Pictures stay out of the answer, but every line of the material must be restated exactly.

Collected material:
*** Begin section ***

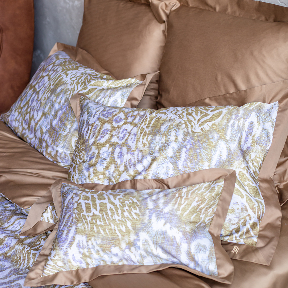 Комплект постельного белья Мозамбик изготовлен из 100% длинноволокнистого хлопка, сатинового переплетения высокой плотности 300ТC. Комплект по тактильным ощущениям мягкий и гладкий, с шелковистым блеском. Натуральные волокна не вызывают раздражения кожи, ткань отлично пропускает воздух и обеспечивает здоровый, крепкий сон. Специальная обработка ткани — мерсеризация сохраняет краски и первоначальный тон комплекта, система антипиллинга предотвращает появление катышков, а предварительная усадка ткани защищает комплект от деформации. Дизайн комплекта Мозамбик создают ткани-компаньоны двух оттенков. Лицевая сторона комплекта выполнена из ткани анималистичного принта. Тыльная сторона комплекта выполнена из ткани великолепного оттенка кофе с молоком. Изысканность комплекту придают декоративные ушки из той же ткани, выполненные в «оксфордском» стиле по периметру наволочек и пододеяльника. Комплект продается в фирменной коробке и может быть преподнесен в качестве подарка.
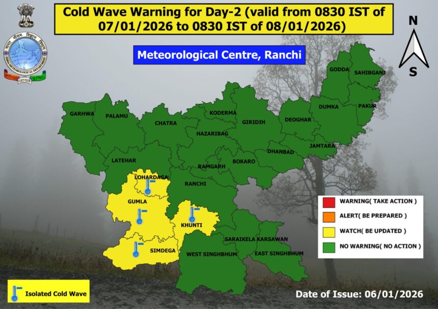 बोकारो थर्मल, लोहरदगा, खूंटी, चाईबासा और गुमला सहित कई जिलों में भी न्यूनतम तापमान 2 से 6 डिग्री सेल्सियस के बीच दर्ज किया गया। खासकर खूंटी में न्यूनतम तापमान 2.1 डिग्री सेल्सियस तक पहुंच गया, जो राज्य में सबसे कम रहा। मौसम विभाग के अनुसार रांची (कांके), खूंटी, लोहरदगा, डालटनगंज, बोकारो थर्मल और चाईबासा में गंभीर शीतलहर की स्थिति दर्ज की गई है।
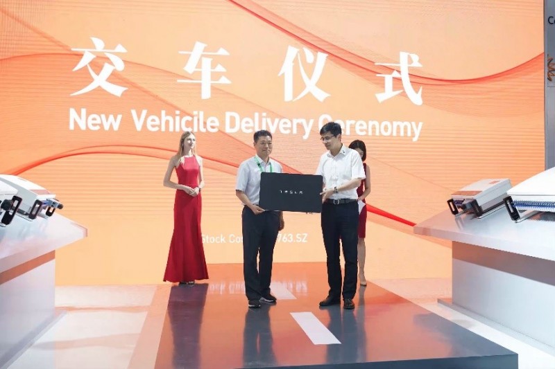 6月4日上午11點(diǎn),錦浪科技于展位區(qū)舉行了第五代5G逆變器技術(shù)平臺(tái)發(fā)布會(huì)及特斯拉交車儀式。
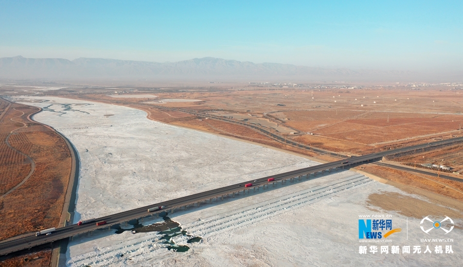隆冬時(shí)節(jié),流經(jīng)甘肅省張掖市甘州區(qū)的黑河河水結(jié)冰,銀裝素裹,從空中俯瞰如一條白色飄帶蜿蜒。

*** End section ***

Your solution:
 Комплект постельного белья Мозамбик изготовлен из 100% длинноволокнистого хлопка, сатинового переплетения высокой плотности 300ТC. Комплект по тактильным ощущениям мягкий и гладкий, с шелковистым блеском. Натуральные волокна не вызывают раздражения кожи, ткань отлично пропускает воздух и обеспечивает здоровый, крепкий сон. Специальная обработка ткани — мерсеризация сохраняет краски и первоначальный тон комплекта, система антипиллинга предотвращает появление катышков, а предварительная усадка ткани защищает комплект от деформации. Дизайн комплекта Мозамбик создают ткани-компаньоны двух оттенков. Лицевая сторона комплекта выполнена из ткани анималистичного принта. Тыльная сторона комплекта выполнена из ткани великолепного оттенка кофе с молоком. Изысканность комплекту придают декоративные ушки из той же ткани, выполненные в «оксфордском» стиле по периметру наволочек и пододеяльника. Комплект продается в фирменной коробке и может быть преподнесен в качестве подарка.
 बोकारो थर्मल, लोहरदगा, खूंटी, चाईबासा और गुमला सहित कई जिलों में भी न्यूनतम तापमान 2 से 6 डिग्री सेल्सियस के बीच दर्ज किया गया। खासकर खूंटी में न्यूनतम तापमान 2.1 डिग्री सेल्सियस तक पहुंच गया, जो राज्य में सबसे कम रहा। मौसम विभाग के अनुसार रांची (कांके), खूंटी, लोहरदगा, डालटनगंज, बोकारो थर्मल और चाईबासा में गंभीर शीतलहर की स्थिति दर्ज की गई है।
 6月4日上午11點(diǎn),錦浪科技于展位區(qū)舉行了第五代5G逆變器技術(shù)平臺(tái)發(fā)布會(huì)及特斯拉交車儀式。
隆冬時(shí)節(jié),流經(jīng)甘肅省張掖市甘州區(qū)的黑河河水結(jié)冰,銀裝素裹,從空中俯瞰如一條白色飄帶蜿蜒。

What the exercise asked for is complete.